Freezing Cherries and Blueberries

Earlier this summer I posted a little rant about individually quick frozen fruit…which doesn’t mean that I not open to giving it another try. Several of you posted comments with tips for better results. Since I’m always game for an experiment, I thought: sure, let’s do it. So, of the fruit we picked last week, we did two quarts of blueberries individually, one quart of sugared blueberries, and two quarts of sugared cherries. I may yet do some cherries in syrup with the remaining ones—we’ll see how many are left after dinner tonight.

To recap the advantages, disadvantages, and steps for the various systems:

Individually Quick Frozen

Clean your fruit and rinse it in ice-cold water. Dry it off.
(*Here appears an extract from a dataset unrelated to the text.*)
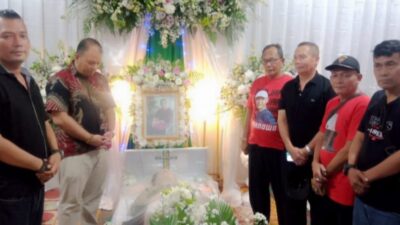 Sekretaris Jendral (Sekjend) FJP, Selamat Purba didampingi Wakil Ketua FJP Relikhius Harefa hadir melayat ke rumah duka di jln. Karya No. 35 Sekip Medan.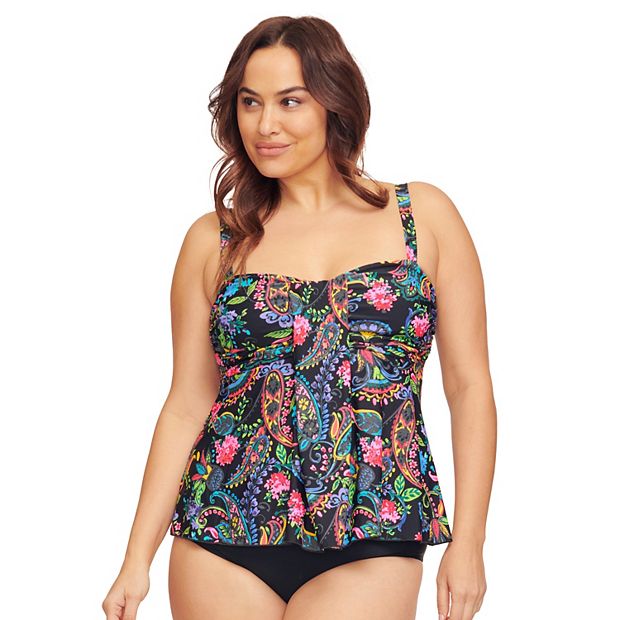 Plus Size Mazu Swim Waist Minimizer Draped Bandeau Tankini Top Very well made.

Spread it in a single layer on a cookie sheet and stick in your coldest freezer for a couple of hours until entirely frozen (somewhere around 2 to 4 hours). Transfer to freezer bags, and double-bag for safety.

Pros: can remove as many or as few berries as you’d like; they thaw quickly; no added sugar.
Cons: greater risk of freezer burn; flavor not preserved as well; ideally should be kept in a deep freezer, as the cycles of a refrigerator freezer may cause berries to melt and refreeze

frozen-cherriesSugared Berries

Clean your berries and rinse in ice-cold water. Toss with sugar, which will vary depending on the kind of fruit. For strawberries, use 3/4 c. per qt; sweet cherries: 3/4 c. per qt; blueberries, 1/2 c. per qt. Transfer to a container with rigid sides and freeze.

Pros: excellent flavor and minimal work. Just toss with sugar, stuff in containers, and forget about them. Will keep for at least a year, maybe more.
Cons: you have to thaw out the entire container, and of course this requires a lot of sugar.

We’ll report the results this winter, or next year, whenever we get around to eating them.